Dancing frenziedly around some vertical totem to repetitive rhythms is a primal human instinct, whether it is the cannibalistic Ogzobi tribe and their fertility god symbol or middle management and their office Christmas tree. Personally I prefer the music at the Ogzobi festivities, but that's just my opinion. Their fire-water is also vastly superior to our case of Stella Artois and bargain bin Pinot Noir, although when it comes to party finger-food I draw the line at Ogzobian petit-fours (apparently they discard the thumbs along with most of the elbow meat).

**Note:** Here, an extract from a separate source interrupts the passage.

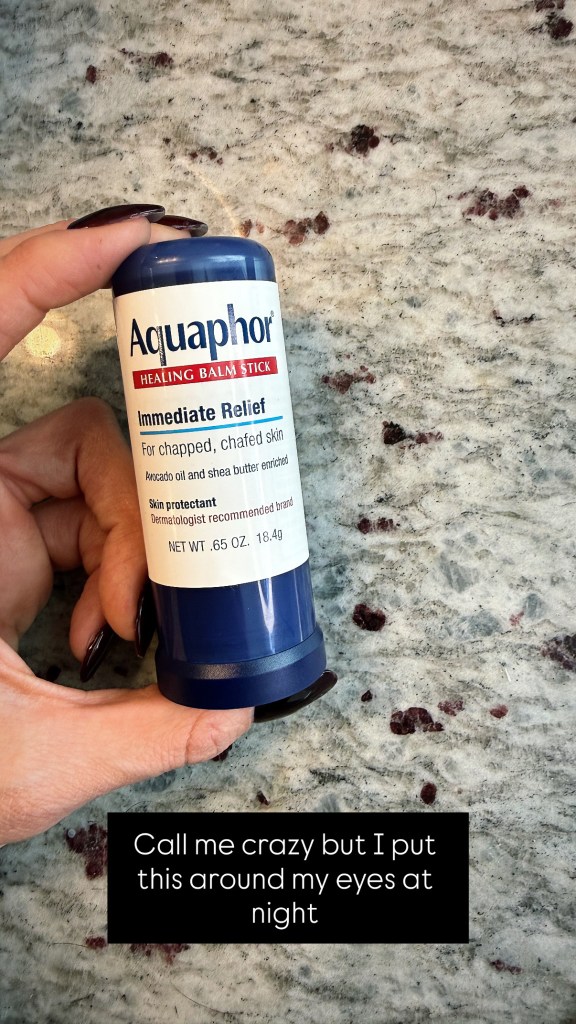 There are a few eye creams I like but most of them give me or enhance dark circles under my eyes. I decided to give them a break (I will circle back around and find one I like again), but in the meantime I started to use the Aquaphor Healing Balm Stick. This might sound crazy, but I’ve met women from my grandmother’s generation that SWORE by using vaseline to keep wrinkles away. Maybe they are on to something. Either way Aquaphor is ultra healing and I’ve used in the past after intense chemical peels, so my thought process is why not use this in the winter. Don’t cancel me over this…

Still, however awful the prospect may be, you must wear the mask of jollity and join the merry throng in decorated conference room or torch-lit jungle clearing; become trapped into a tedious discussion about fax paper protocol with that idiot from sales, or a dreary symposium on spear-sharpening with the headhunter from the hut next door; pretend that you really like the seasonally scented candle from your Secret Santa, even if it actually smells like a reindeer stable after feeding time, which it undoubtedly will, or grudgingly agree that the Chief can have the extra eyeball, which you know damn well that he'll snatch up anyway.
Such is human nature and its proclivities at group gatherings. The uncivilized gatecrash the uncivilized, whether it is the Ogzobi tribe and their ancestor-disrespecting outcasts or middle management and its greasy lounge lizards. Ah yes, company revelry: the flesh is always willing but the spirit is forever weak.